Christchurch based politician Jim Anderton will no doubt be regretting his comment last week that it would take a “seismic shift” for incumbent Christchurch mayor Bob Parker not to lose the local body election fight that they are both engaged in. At 4.35am last Saturday morning, New Zealand’s second largest city was struck by an earthquake of similar strength to that which destroyed Haiti. In fact Parker, ever the gentleman showman, has risen to the occasion and must be privately elated that he has a new public platform on which to perform. The timing is also perfect for other politicians who are ever mindful of the lessons from 9/11 and New Orleans.

When old Mr Hubbard went to the cupboard and found it bare recently, the subsequent receivership of poorly managed South Canterbury Finance (SCF) and its labyrinthine and multitudinous related entities also hit the Canterbury region like a shock wave. It was a painful reminder of why we cannot continue to prime our economic machine purely on the basis of milk exports and highly leveraged property assets. Investors in the failed firm received an immediate payment under a government guarantee scheme totalling $1.7 billion. Whilst some of this cash will no doubt be recovered, it’s appalling that SCF went unchecked for so long. Ordinary taxpayers and legitimate businesses have had to shoulder this burden.

Most of the SCF payout will likely disappear into holiday trips to Surfer’s Paradise and safe but low interest earning bank accounts of the grey brigade.Very little will actually be reinvested into the productive part of the New Zealand economy. Consequently, the earthquake is a “god-send” for central government too. Apart from the immediate distraction from existing economic problems, it will validate investing hundreds of millions of dollars on infrastructure repairs. Road builders, plasterers and brick layers from all over the country will be fully engaged for months, possibly years. That may be quite a good thing.

I don’t wish to minimise the effects on Christchurch residents as they were thrown from their beds on Saturday morning. It must have been a terrifying ordeal and the ongoing psychological trauma of aftershocks will continue to play on minds. But I partially agree with some commentators who suggest that New Zealand has a high level of preparedness and that we will come through this. Now that the dust has settled, we might even see some benefits arise from this event. If nothing else, there will be a lot of learnings that can be passed on to those of us that live in other parts of the country with a history of high seismicity.

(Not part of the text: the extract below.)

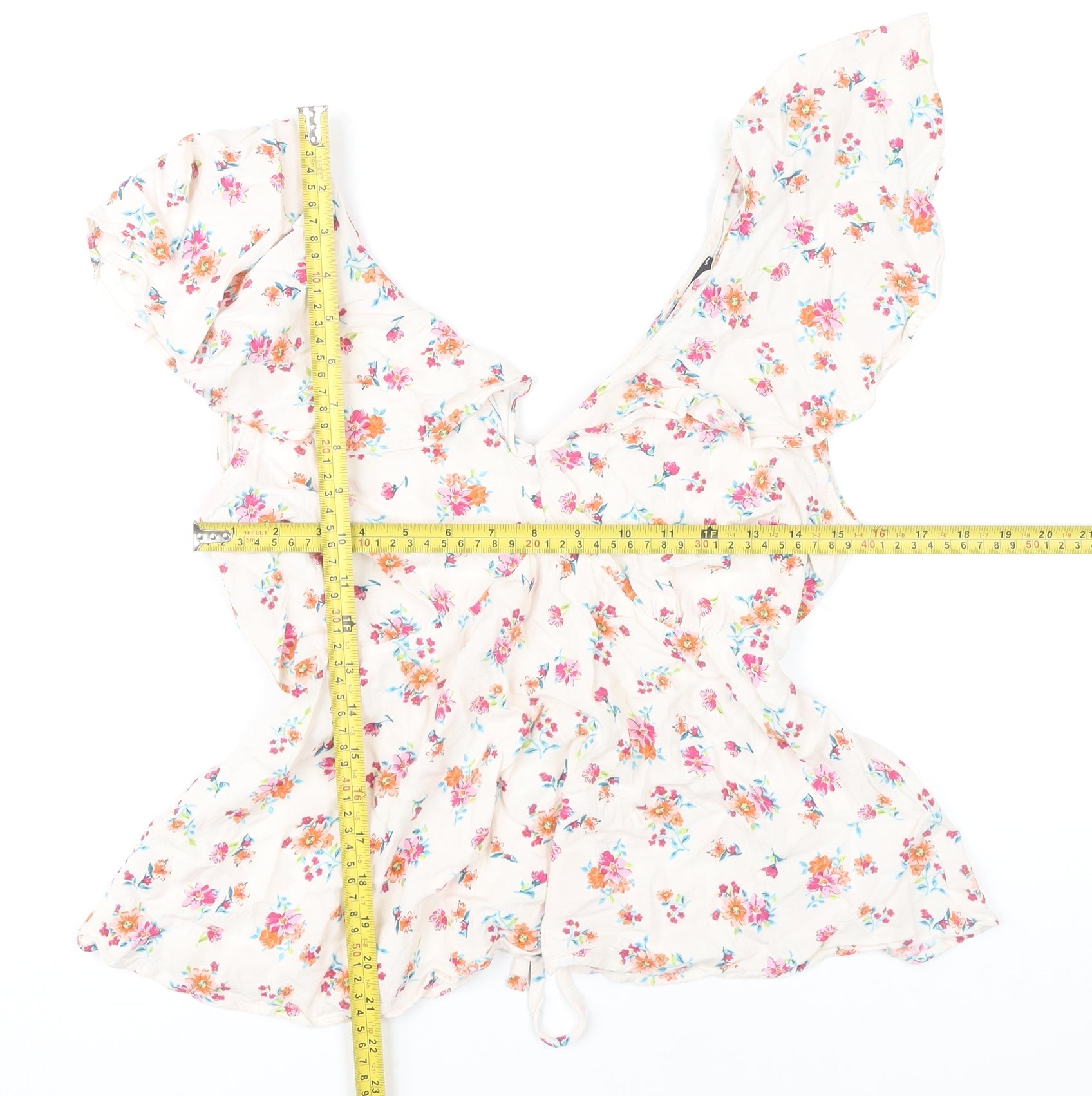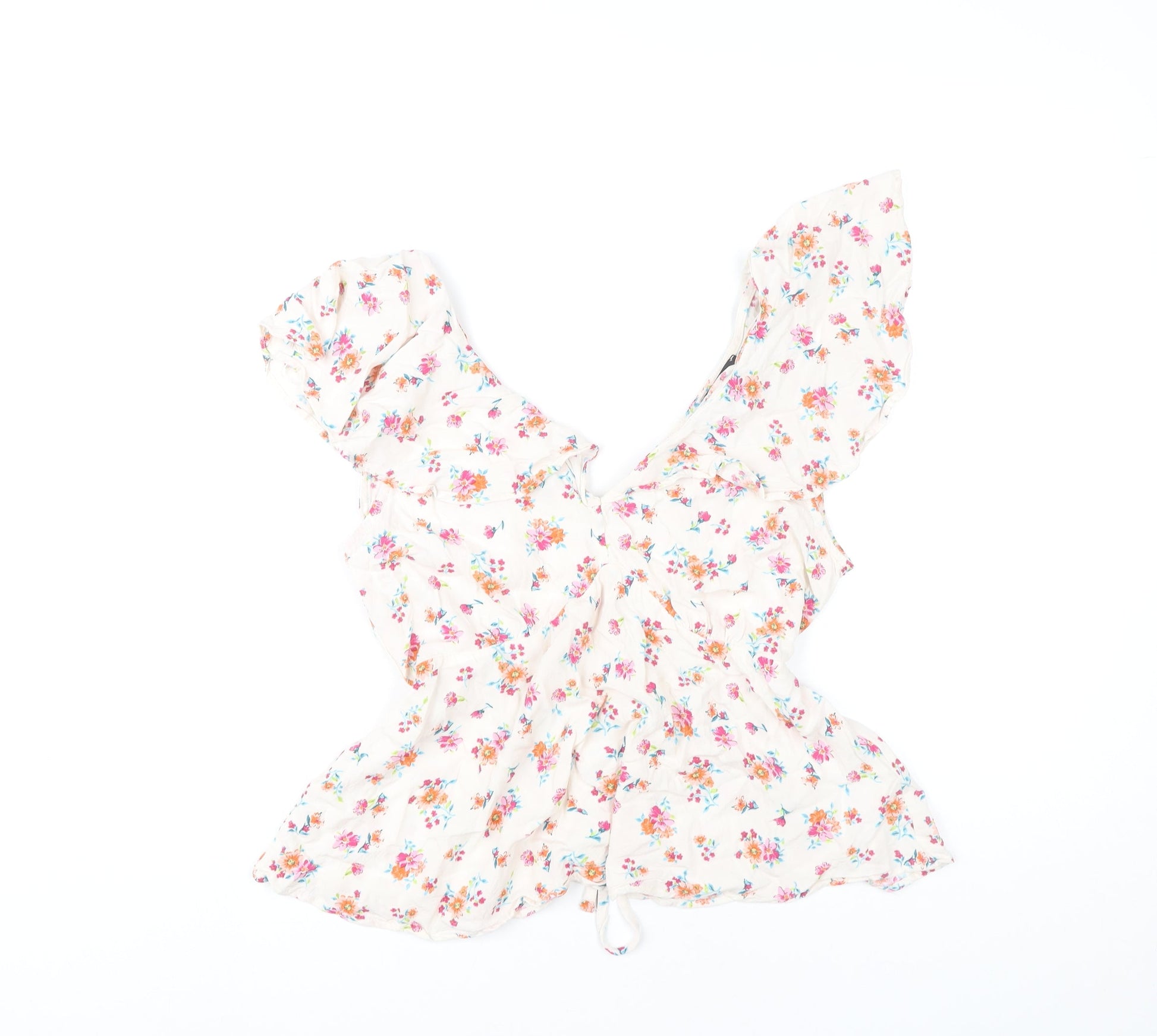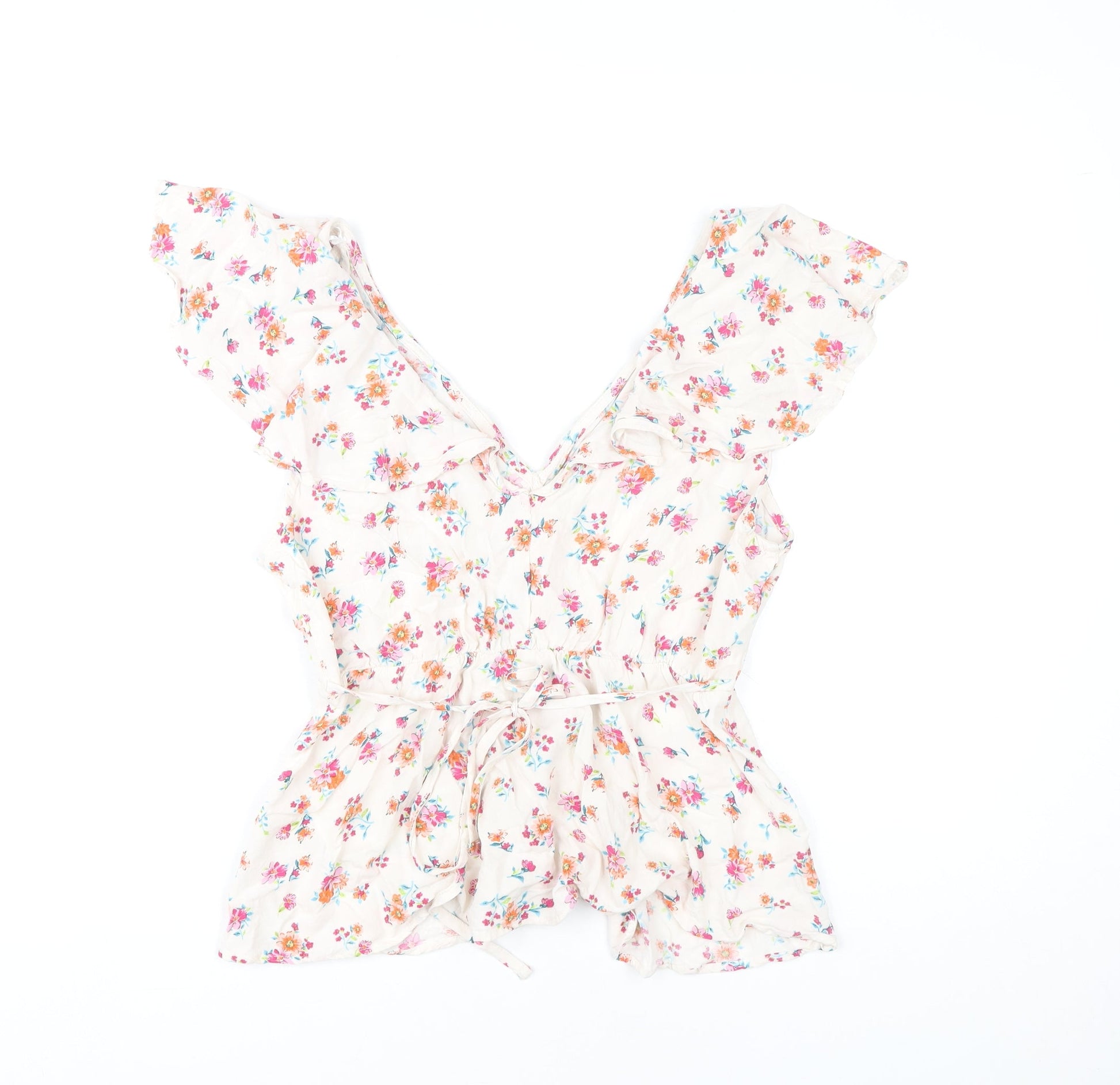 Nobody's Child Women's White Floral Wrap Blouse UK 12 Viscose Summer

5 thoughts on “Does Shakedown Have Silver Lining?

  1. Agree about the potential stimulus effect. Hence my (@sethop) tweet from yesterday: Some day, #eqnz will be an up-blip on the NZ GDP graph, and an ACT guy will say: “and here we see the 2010 tax cuts kicking in.”

  2. Haha…missed that one, but yes some politician will no doubt claim credit for it.

    In the meantime I hope everyone is faring well enough. Must admit to feeling a certain sense of helplessness. Not a great deal our community can do to assist apart from paying our taxes and keeping you guys in our thoughts.

  3. Bricklayers?! I hope not! Carpenters, certainly! I just couldn’t help but notice the sheer amount of shattered brick structures in the photos of the quake, versus the lack of shattered wood scattered over the roads of Canterbury.

    Having said that, although it’s a horrible way to stimulate an economy, I do agree with the points you make. As for learning from the disaster, I did read in the NZ Herald today an article in which the Christchurch City Council (Bob Parker, specifically, I believe) state that they had tried to discourage, if not prevent, real estate developments on land at risk of liquefaction. Let’s hope lessons are learned.

  4. One of the tragedies of this event is that a number of classic stone or brickwork buildings have been lost. There has been a lot of sadness about the city losing part of its heritage.

    Hopefully it will encourage greater strengthening and restoration work throughout New Zealand. I’m worried about the appalling state of contemporary architecture in New Zealand. Every historical building that is lost detracts from the character of the city.

  5. True enough, and I did read yesterday that the council is going to toughen up the requirements for strengthening when these buildings are restored. I would hope a lot more people look into the perils of liquefaction, too.